To use the llm_helpers package in your project, simply import it and call the available functions. The primary function, generate_categories, allows you to generate category tags for a given text input using a specified language learning model. Currently only OpenAI and Azure OpenAI is supported.

Example

Recursive Category Generation from Text

When dealing with a large corpus of text from which we aim to generate categories, we often encounter the challenge that the text size exceeds the target model's context limit. One effective strategy to overcome this limitation is to segment the text into smaller portions that the model can process. The initial step involves chunking the text to fit within the model's context and generating categories for each segment. Subsequently, these categories are amalgamated and subjected to another round of category generation. This process may not suffice in a single iteration if the combined output still exceeds the model's context limit, necessitating further chunking and category generation. The generate_categories function facilitates this intricate process recursively, enabling streamlined category generation from extensive text data.

Parameters:

  • txt: The input text for category generation.
  • llm: The language model to use, choices include 'azure' or 'openai'.
  • endpoint: If using 'azure', specify the Azure endpoint.
  • key: The authentication key for the language model API.
  • api_version: Specifies the API version of the chosen model.

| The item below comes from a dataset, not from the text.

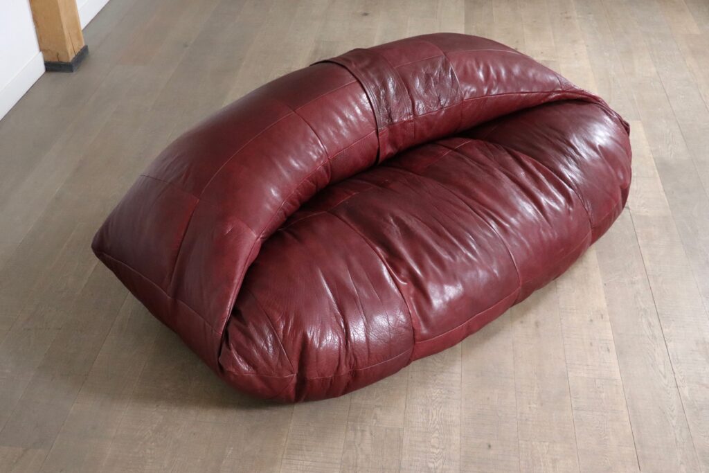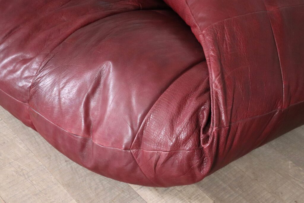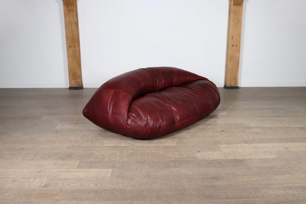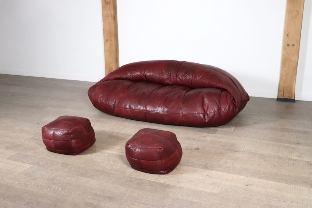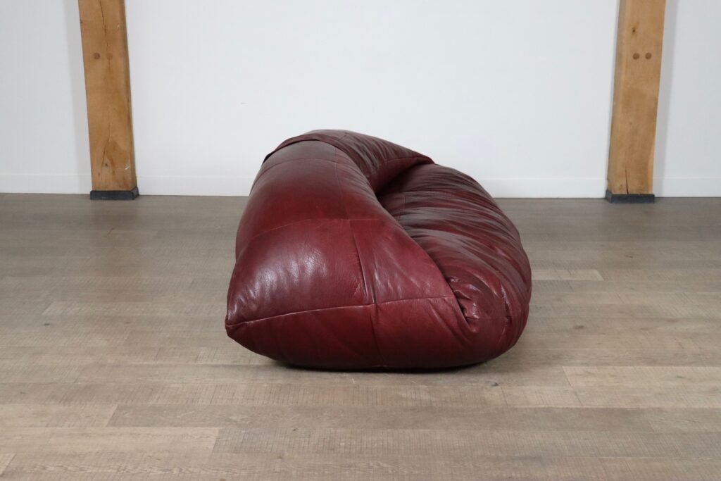 A bespoke piece, which was made to order in the 1970s, in low numbers, which makes it a rare find. This unique sofa has an incredible folded shape, and due to it being fully foam filled it is extremely comfortable and cosy. Also coming with two original matching poufs, where you can rest your feet on. The upholstery is its original thick full grain burgundy leather which is in excellent condition. The beautiful grain on this leather gives the sofa its luxurious feel and character. A true iconic piece which will elevate any room with character.

Optional Parameters (with defaults):

  • max_tokens=200: The maximum number of tokens to generate.
  • temperature=0.0: Controls the randomness in the output generation.
  • frequency_penalty=0.0: Adjusts the likelihood of repeating information.
  • presence_penalty=0.0: Influences the introduction of new concepts.
  • max_token_size=4092: Set to maximum token capacity of the target language model.
  • system_prompt="Generate the top categories into which the below text can be grouped, just print the categories, do not add any examples, put them to Others category if they don't fit in any category:": Customizable prompt that guides the model in generating relevant categories.

Note:

  • The system_prompt serves as a guideline for the model to ensure the categories generated align with the specified criteria.
  • Adjust the max_token_size according to the maximum token capacity of the target language model to optimize the chunking process.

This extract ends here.